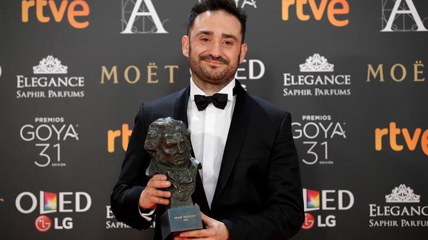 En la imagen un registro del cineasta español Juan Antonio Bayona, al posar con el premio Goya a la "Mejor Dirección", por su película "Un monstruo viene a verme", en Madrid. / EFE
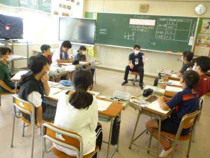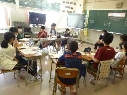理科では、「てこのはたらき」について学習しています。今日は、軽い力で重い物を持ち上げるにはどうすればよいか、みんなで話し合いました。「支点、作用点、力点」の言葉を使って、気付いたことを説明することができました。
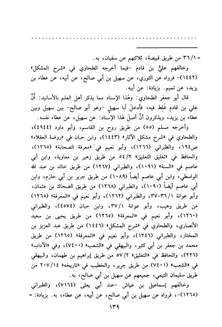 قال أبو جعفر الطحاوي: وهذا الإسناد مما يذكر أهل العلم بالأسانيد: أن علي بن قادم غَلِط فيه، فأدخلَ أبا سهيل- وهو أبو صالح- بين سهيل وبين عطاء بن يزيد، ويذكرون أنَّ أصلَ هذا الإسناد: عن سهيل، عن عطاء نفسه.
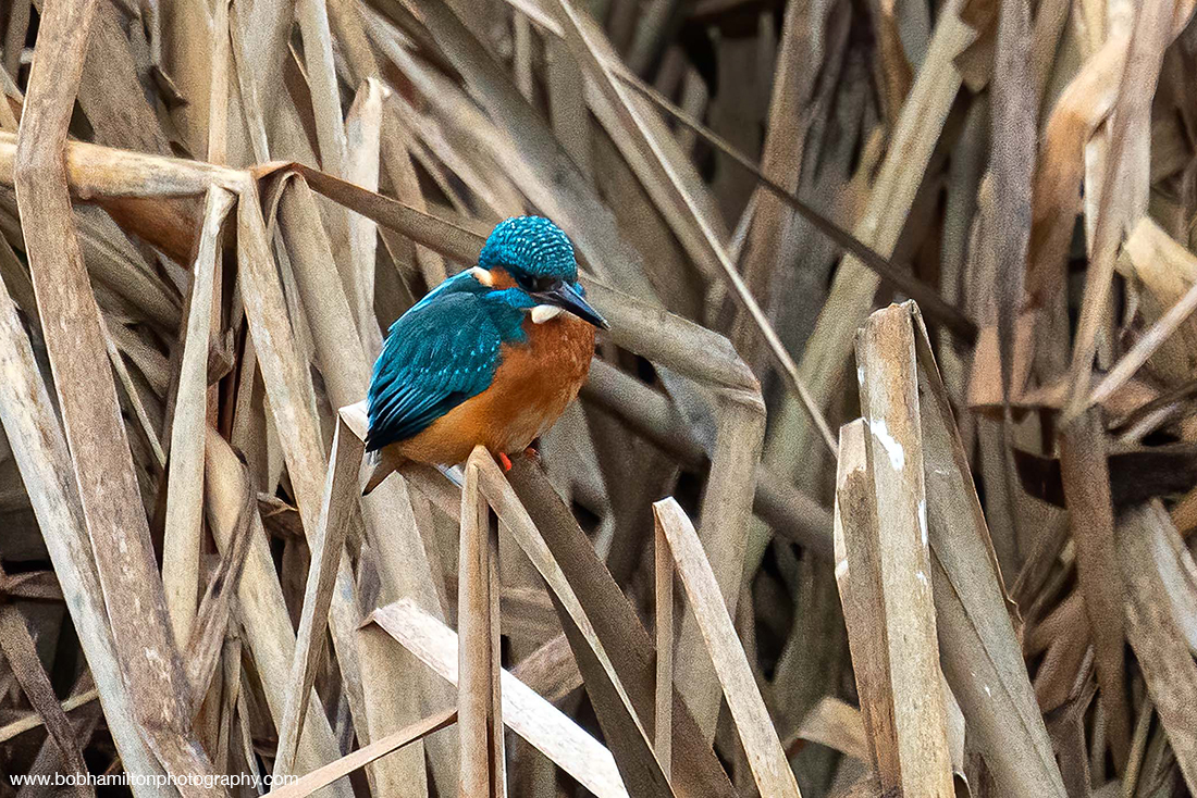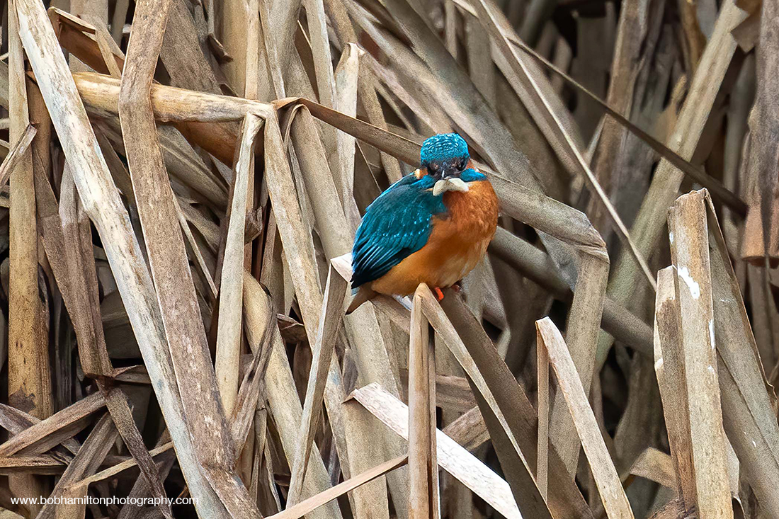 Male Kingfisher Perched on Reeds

════════════════

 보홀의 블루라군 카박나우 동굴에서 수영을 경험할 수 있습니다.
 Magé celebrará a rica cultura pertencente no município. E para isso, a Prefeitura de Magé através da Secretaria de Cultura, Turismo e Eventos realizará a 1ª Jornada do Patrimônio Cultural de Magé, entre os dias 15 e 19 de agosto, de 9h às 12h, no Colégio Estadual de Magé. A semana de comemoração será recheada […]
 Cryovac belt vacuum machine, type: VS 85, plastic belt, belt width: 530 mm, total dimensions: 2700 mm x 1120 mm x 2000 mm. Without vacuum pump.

════════════════

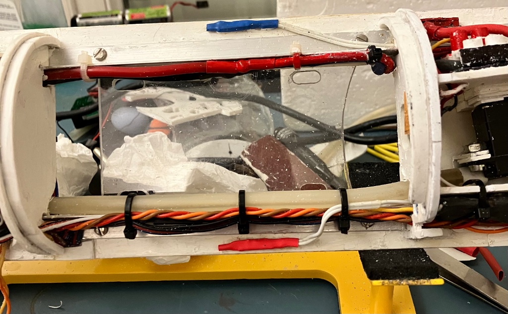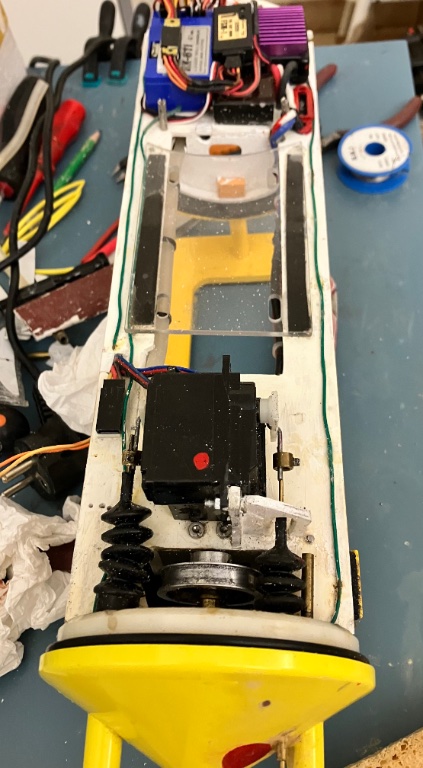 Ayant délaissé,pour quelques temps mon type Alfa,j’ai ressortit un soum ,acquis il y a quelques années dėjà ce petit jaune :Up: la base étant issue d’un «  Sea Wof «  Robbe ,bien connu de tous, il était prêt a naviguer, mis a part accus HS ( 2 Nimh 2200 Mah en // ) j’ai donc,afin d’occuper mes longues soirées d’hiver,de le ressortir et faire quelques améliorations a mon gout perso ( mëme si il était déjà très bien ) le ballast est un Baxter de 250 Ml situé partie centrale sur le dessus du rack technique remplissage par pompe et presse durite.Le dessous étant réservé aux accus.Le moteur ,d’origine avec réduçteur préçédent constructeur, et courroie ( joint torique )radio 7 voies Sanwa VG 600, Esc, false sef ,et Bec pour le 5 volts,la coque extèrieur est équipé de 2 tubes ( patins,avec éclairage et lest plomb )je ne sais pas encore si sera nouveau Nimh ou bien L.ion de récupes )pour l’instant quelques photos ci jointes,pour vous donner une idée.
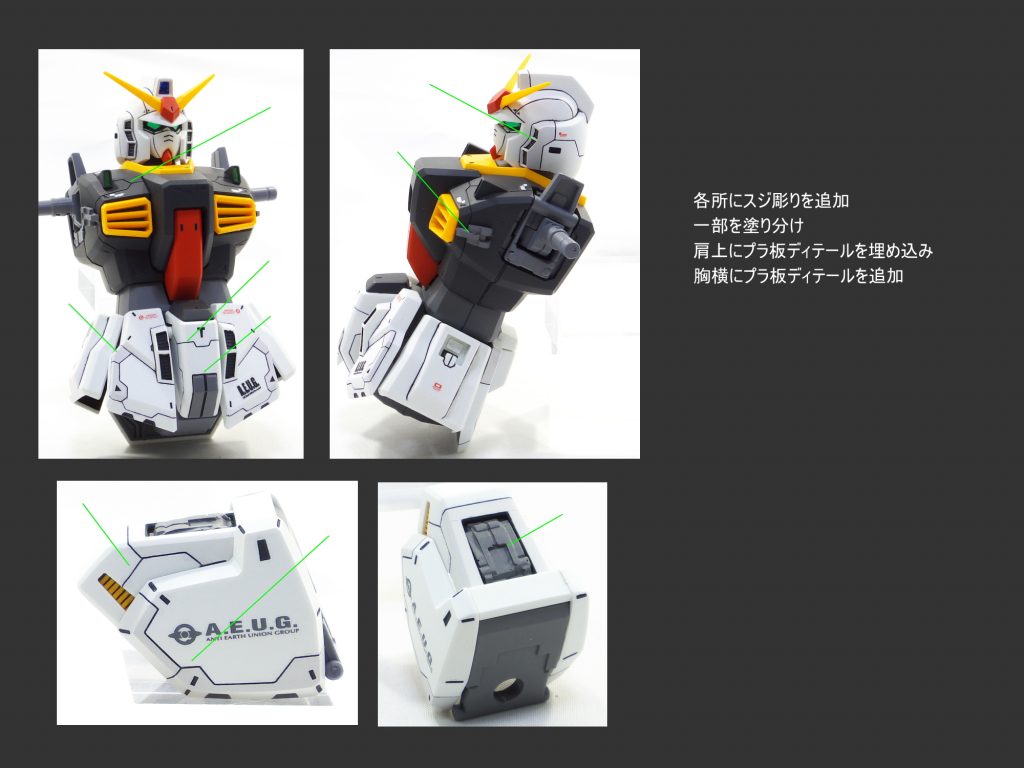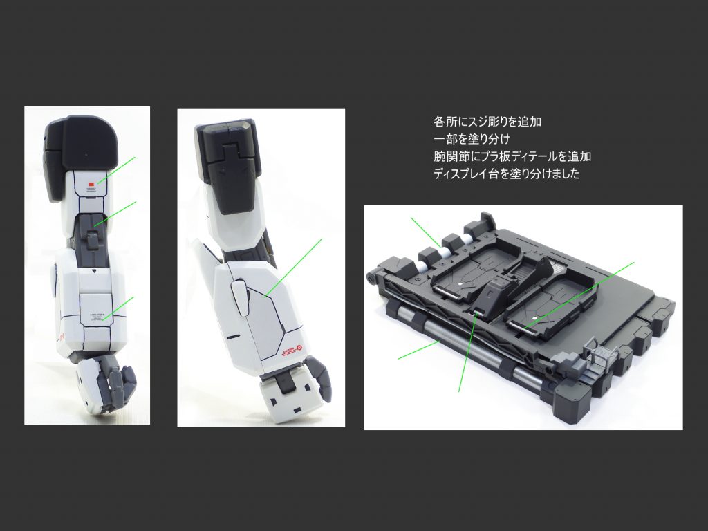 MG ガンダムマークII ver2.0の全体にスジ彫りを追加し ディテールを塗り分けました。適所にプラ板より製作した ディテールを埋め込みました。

════════════════

## ASSIGNED TASK
Using the material above, reproduce only the lines that run from the line with "En la imagen" up to and including the line with "Male Kingfisher Perched on Reeds", exactly, with the pictures dropped.

## EXERCISE RESULT
 En la imagen un registro del cineasta español Juan Antonio Bayona, al posar con el premio Goya a la "Mejor Dirección", por su película "Un monstruo viene a verme", en Madrid. / EFE
理科では、「てこのはたらき」について学習しています。今日は、軽い力で重い物を持ち上げるにはどうすればよいか、みんなで話し合いました。「支点、作用点、力点」の言葉を使って、気付いたことを説明することができました。
 قال أبو جعفر الطحاوي: وهذا الإسناد مما يذكر أهل العلم بالأسانيد: أن علي بن قادم غَلِط فيه، فأدخلَ أبا سهيل- وهو أبو صالح- بين سهيل وبين عطاء بن يزيد، ويذكرون أنَّ أصلَ هذا الإسناد: عن سهيل، عن عطاء نفسه.
 Male Kingfisher Perched on Reeds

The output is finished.